Spine (Phila Pa 1976). 1996 May 1;21(9):1021-30; discussion 1031. doi: 10.1097/00007632-199605010-00005.

Abstract

Study design: The criterion and construct validities of pain drawing, quantified by a simple total body area score of pain extent (area raw extent assessment score), were analyzed prospectively on consecutive patients (n = 103), drawn from a predefined blue collar worker population, all sick listed for 6 weeks as a result of low back pain.

Objectives: To evaluate the validity of pain drawing as a screening tool in the secondary prevention of subacute low back pain.

Summary of background data: Pain drawings have been used clinically for more than 40 years as a complement to a patient's verbal pain descriptions. The main objectives have been to differentiate functional pain from organic pain and to identify meaningful features in spatial-anatomic pain distribution. The ability of the pain drawing to delineate concurrent psychopathology correctly has been questioned. There is no consensus on which scoring method should be used.

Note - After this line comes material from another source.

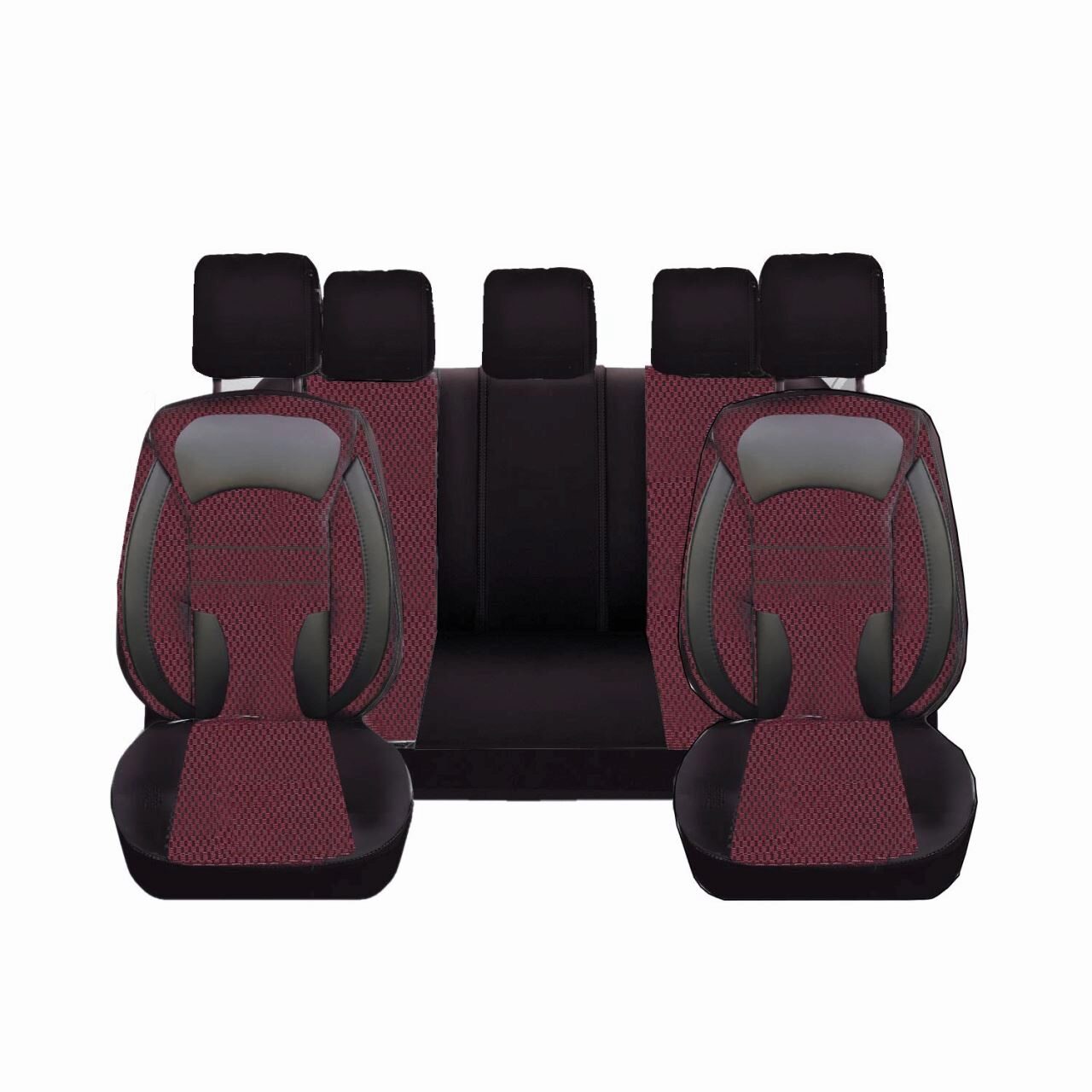 Set Huse Scaune Auto pentru Subaru Forester - DeluxeBoss, stofa cu piele ecologica, pt bancheta rabatabila fractionata, negru cu rosu, 11 piese

Methods: The area raw extent assessment score was analyzed concurrently against the penalty point system and predictively against return to work and absenteeism over a period of 2 years. Content and construct validity assessed the relative influence of medical, psychologic, and subjective disability as well as psychosocial factors.

Results: Criterion validation of the area raw extent assessment score showed significant correlations, both concurrently against the penalty point score (r = 0.86, P < 0.001, with explained variance R2 = 0.75, P < 0.001) and predictively against occupational handicap (r = 0.48, P < 0.001). In construct validation, the highest explained variance was shown for medical (R2 = 0.46, P < 0.001) and psychologic factors (R2 = 0.46, P < 0.001) and psychologic factors (R2 = 0.34, P < 0.001) and for subjective disability (R2 = 0.32, P < 0.001). Variance in the area raw extent assessment score also was explained by psychosocial factors (R2 = 0.19, P < 0.01).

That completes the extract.